> [YOUR INSTRUCTIONS]: What you output must match, exactly, the lines from the start of the records to the line containing "26日上午,在山水大酒店会议", both ends kept and pictures excluded.

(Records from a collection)
Content starts

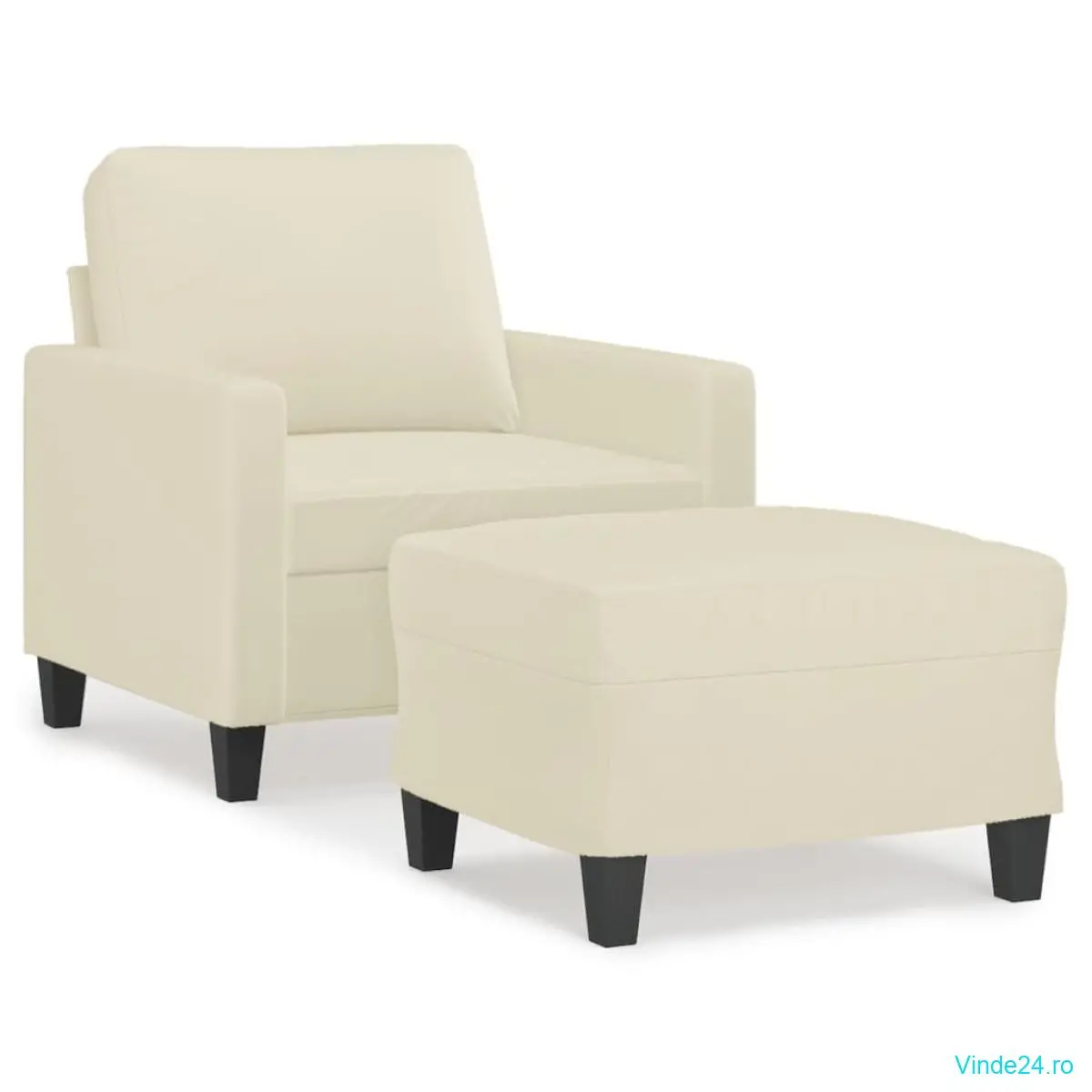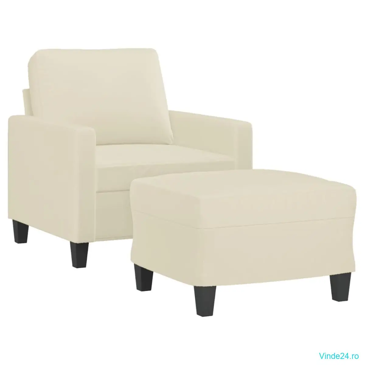 vidaXL Fotoliu canapea cu taburet, crem, 60 cm, piele ecologică
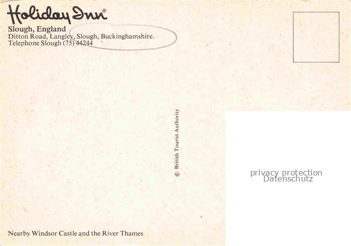74156940 Slough Berkshire UK Windsor-Castle Round-Tower Themse Schwaene Holiday-Inn Schloss Fluss Burganlage postalisch nicht gelaufen Erhaltung siehe scans [Karloger] KatCode: 11570UKJ1J11MD
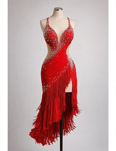 Damklänning med röda strassfransar och ärmlös v-ringad latinamerikansk dansklänning för ballroomtävling
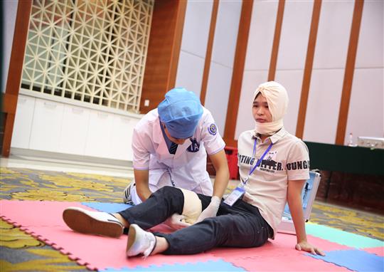26日上午,在山水大酒店会议厅里,桂林市卫生应急技能竞赛——突发事件紧急医学救援竞赛的各项准备工作就绪,裁判组组长一声令下,三个比赛项目同时开始。比赛分单人心肺复苏操作、止血包扎和脊柱固定搬运三个项目。我院派出三名来自急诊科一线的医护人员参赛,他们分别是医生熊利明、舒新鑫,护士曾辉。经过赛前充分备战,三名选手各个胸有成竹,沉着应战。作为第一个亮相的比赛队,三名选手逐个进行操作展示,大家发挥稳定、以教科书式的操作,完成了一项项比赛并取得了优异的成绩。在27日上午进行的理论考试中,三人又以扎实的理论功底成功过关。最终三名选手凭借个人总成绩,以绝对的优势战胜了来自全市及县区的22个参赛队、66名参赛选手,赢取了此次竞赛三个个人一等奖。三人的出色表现,让他们的团队又以总分最高分获得了团体一等奖的好成绩。
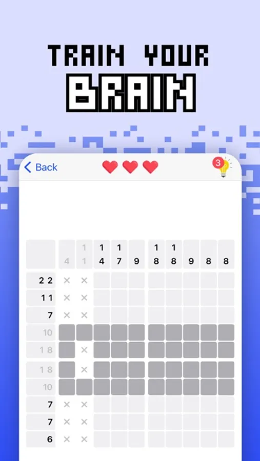 There are many different versions of the famous Japanese crosswords. And now here is Nonogram: a graphical puzzle based on numbers and some simple rules. There is a grid, with numbers indicating how many blocks in the playing area you need to color in. When you get the right solution, the colored blocks form a pixel-art image. The difficulty increases as you progress through the levels. There are levels of different sizes - including ones where you can fully show off your talent and intelligence. Since the difficulty of the game increases, this logic puzzle will be interesting for both beginners and experts.
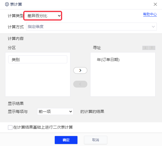 差异百分比是表计算的一种类型,计算同一个度量值在不同维度项上的差异百分比。支持以选定区域第一个/最后一个或计算单位前一个或后一个为基准作差值计算,支持横向或纵向对比计算。
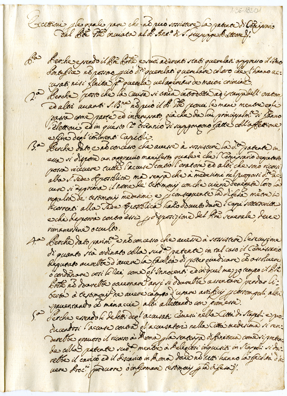 Eccettioni per le quali pare che non può sussistere la patente di Commissario dal Padre Generale inviata al Padre Antonio di San Giuseppe Rettore (1700-1721)
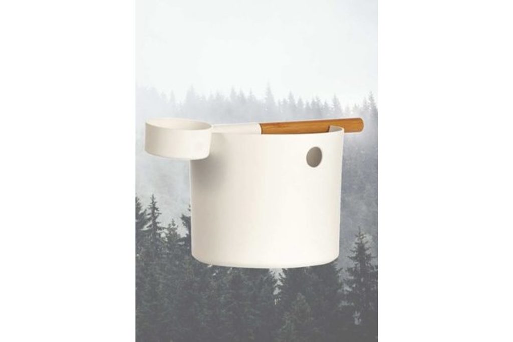 Mimořádně kvalitní a efektivní saunová sada KOLO v elegantní bílé barvě zaujme svým jednoduchým skandinávským designem i praktickým využitím. Součástí je nádoba o objemu 5 litrů (výška 20 cm, průměr 24 cm) a naběračka s bambusovou rukojetí dlouhou 41 cm a objemem 0,3 l.
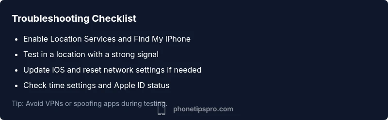 Before diving into deeper troubleshooting, perform a few quick checks in a calm, safe environment. Ensure Location Services are on and Find My iPhone is enabled for the device. Confirm the device is connected to a reliable network and has sufficient battery life. Check the time zone and date settings (Set Automatically). Disable any VPNs or spoofing apps that might alter location data. If the problem remains, attempt a sign out of iCloud and sign back in, then update iOS to the latest version. These steps address the most common causes and are low-risk before moving to more involved fixes. Phone Tips Pro suggests documenting what you observe, so you can compare results after each step.
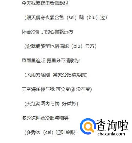 《海阔天空》是粤语歌,很多人不会说粤语,怎么办呢?可以利用谐音标注汉字和拼音,就像我们小时候学英语一样。
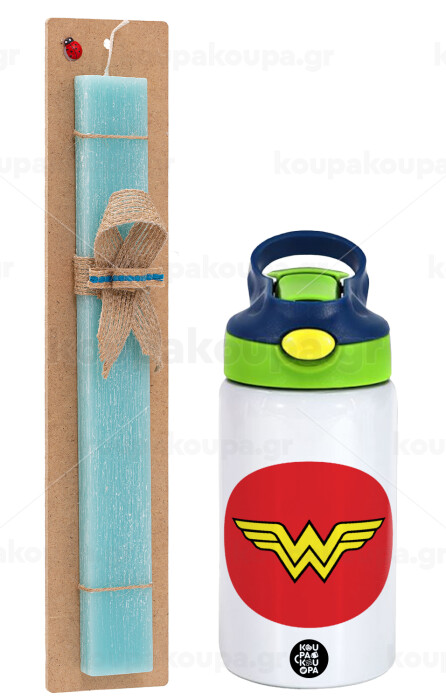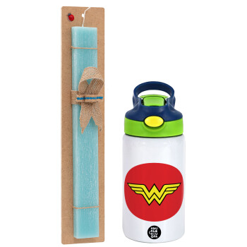 Wonder woman, Πασχαλινή Λαμπάδα με Παιδικό παγούρι θερμό, ανοξείδωτο, με καλαμάκι ασφαλείας, πράσινο/μπλε (350ml) & κερί αρωματικό πλακέ (30cm) (ΤΙΡΚΟΥΑΖ)
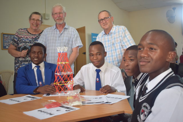 STEAM EDUCATION: Back from left, Get Ahead science teacher Esle Steyn, Nelson Mandela University (NMU) Goven Mbeki Mathematics Development Centre project manager, Professor Peter Weisswange and NMU Goven Mbeki Mathematics Development Centre director, Professor Werner Olivier, front from left, Bulela Mvimbi, Athi Makapela, Inganathi Tsotso and Colin Makhalibe at the STEAM summit education practical session in Get Ahead recently Picture: ABONGILE SOLUNDWANA

Content ends

> [SOLUTION TO THIS TASK]:
 vidaXL Fotoliu canapea cu taburet, crem, 60 cm, piele ecologică
74156940 Slough Berkshire UK Windsor-Castle Round-Tower Themse Schwaene Holiday-Inn Schloss Fluss Burganlage postalisch nicht gelaufen Erhaltung siehe scans [Karloger] KatCode: 11570UKJ1J11MD
 Damklänning med röda strassfransar och ärmlös v-ringad latinamerikansk dansklänning för ballroomtävling
26日上午,在山水大酒店会议厅里,桂林市卫生应急技能竞赛——突发事件紧急医学救援竞赛的各项准备工作就绪,裁判组组长一声令下,三个比赛项目同时开始。比赛分单人心肺复苏操作、止血包扎和脊柱固定搬运三个项目。我院派出三名来自急诊科一线的医护人员参赛,他们分别是医生熊利明、舒新鑫,护士曾辉。经过赛前充分备战,三名选手各个胸有成竹,沉着应战。作为第一个亮相的比赛队,三名选手逐个进行操作展示,大家发挥稳定、以教科书式的操作,完成了一项项比赛并取得了优异的成绩。在27日上午进行的理论考试中,三人又以扎实的理论功底成功过关。最终三名选手凭借个人总成绩,以绝对的优势战胜了来自全市及县区的22个参赛队、66名参赛选手,赢取了此次竞赛三个个人一等奖。三人的出色表现,让他们的团队又以总分最高分获得了团体一等奖的好成绩。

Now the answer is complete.